__Task brief__.
Say how many lines in the following entries include "black", and add nothing else.
_ _ _
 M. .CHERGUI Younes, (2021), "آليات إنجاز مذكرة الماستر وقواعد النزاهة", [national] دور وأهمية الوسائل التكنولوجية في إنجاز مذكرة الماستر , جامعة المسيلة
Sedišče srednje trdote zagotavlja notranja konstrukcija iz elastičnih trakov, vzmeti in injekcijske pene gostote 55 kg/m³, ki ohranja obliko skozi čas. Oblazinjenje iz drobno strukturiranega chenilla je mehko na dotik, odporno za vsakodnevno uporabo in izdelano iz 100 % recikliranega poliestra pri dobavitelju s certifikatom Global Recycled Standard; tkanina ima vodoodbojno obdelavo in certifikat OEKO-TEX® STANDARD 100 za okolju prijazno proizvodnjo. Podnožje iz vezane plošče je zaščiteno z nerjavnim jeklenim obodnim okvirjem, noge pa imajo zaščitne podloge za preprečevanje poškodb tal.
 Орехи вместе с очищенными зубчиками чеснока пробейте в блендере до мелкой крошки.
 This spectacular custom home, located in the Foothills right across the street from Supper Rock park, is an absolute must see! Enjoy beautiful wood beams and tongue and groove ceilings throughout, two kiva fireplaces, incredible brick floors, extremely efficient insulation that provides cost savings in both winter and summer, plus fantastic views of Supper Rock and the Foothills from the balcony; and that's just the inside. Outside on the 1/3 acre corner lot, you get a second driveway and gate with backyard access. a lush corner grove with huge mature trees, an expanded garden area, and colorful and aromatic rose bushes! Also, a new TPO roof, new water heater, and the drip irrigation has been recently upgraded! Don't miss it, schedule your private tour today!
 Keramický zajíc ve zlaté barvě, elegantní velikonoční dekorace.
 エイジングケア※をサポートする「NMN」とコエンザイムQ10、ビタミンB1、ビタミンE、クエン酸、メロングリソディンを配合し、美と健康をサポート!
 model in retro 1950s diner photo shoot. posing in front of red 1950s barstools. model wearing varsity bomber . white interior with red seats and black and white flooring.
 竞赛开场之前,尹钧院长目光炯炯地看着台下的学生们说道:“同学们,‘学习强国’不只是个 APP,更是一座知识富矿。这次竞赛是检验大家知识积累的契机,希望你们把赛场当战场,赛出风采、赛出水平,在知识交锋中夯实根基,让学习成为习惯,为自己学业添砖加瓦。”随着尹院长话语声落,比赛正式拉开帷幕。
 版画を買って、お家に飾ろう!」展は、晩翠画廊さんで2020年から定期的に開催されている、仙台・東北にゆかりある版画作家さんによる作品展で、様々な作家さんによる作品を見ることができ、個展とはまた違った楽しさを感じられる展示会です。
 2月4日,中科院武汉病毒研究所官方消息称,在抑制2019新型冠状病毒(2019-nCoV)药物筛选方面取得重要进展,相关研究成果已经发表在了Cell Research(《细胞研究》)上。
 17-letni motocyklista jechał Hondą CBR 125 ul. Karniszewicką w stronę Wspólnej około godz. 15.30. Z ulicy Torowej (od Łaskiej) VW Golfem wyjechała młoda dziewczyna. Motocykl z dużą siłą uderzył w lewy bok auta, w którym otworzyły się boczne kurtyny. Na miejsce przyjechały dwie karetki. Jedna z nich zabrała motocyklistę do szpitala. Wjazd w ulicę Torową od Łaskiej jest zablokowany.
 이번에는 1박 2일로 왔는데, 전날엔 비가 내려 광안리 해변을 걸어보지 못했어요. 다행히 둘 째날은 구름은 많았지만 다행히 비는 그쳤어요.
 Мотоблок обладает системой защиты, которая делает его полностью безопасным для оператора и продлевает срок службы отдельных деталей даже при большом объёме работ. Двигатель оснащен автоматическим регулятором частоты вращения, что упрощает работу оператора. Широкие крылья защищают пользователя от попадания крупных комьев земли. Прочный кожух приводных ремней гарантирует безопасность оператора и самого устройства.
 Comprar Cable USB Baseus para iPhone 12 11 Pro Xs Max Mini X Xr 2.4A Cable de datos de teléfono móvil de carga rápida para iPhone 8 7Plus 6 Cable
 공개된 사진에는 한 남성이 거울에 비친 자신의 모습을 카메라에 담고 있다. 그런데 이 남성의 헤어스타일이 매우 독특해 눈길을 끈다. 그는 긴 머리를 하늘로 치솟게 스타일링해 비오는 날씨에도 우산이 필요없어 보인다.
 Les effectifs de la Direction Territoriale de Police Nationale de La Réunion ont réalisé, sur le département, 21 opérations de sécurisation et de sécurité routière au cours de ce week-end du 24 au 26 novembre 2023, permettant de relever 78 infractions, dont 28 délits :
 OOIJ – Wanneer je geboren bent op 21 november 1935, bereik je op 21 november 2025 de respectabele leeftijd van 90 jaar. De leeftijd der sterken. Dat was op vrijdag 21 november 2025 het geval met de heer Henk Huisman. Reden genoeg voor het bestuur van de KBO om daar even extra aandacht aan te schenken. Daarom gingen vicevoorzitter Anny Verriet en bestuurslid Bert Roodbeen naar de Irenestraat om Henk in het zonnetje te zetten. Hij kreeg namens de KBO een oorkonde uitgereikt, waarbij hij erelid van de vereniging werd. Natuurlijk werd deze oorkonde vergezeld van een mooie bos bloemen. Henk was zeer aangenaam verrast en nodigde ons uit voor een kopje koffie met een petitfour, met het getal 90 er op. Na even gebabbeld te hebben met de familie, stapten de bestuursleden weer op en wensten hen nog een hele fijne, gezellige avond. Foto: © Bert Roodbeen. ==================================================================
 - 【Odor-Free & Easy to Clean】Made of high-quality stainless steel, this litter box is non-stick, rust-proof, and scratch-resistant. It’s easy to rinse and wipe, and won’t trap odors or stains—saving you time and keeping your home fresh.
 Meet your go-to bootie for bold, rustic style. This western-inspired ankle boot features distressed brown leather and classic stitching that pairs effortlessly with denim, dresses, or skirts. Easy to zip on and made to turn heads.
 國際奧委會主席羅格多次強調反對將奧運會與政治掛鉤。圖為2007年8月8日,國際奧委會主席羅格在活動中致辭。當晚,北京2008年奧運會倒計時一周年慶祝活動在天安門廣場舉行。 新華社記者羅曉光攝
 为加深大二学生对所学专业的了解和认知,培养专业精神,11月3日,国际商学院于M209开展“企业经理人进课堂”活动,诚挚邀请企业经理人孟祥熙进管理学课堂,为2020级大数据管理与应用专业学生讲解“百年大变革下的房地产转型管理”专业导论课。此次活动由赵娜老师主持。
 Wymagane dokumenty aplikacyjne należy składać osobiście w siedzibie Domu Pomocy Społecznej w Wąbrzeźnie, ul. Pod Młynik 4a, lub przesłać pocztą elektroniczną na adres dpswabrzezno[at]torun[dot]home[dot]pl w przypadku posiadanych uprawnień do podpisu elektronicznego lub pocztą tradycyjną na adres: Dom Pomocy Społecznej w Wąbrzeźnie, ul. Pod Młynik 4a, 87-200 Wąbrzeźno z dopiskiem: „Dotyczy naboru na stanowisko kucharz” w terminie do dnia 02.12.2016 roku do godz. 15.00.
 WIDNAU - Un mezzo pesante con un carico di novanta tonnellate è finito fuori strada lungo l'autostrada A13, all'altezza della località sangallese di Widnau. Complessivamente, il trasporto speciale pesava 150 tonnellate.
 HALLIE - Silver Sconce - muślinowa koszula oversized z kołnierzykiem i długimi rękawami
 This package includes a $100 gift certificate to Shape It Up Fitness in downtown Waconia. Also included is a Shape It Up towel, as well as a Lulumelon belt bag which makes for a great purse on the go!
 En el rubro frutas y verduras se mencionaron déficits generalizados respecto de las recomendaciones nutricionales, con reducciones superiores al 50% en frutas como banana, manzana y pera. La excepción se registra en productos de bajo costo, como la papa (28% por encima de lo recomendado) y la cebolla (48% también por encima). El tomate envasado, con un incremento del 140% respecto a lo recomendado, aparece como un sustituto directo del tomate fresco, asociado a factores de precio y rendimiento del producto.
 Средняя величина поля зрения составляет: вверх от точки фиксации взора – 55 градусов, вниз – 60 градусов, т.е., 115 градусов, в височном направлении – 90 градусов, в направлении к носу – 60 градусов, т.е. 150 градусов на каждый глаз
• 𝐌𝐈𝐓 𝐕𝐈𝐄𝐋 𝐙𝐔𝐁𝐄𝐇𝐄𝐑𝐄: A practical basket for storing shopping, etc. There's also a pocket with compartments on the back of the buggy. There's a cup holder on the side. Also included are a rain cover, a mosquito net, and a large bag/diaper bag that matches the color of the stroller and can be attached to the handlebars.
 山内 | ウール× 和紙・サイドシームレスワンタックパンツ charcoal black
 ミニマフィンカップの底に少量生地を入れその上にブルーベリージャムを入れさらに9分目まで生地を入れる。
_ _ _
__Output of the exercise__.
2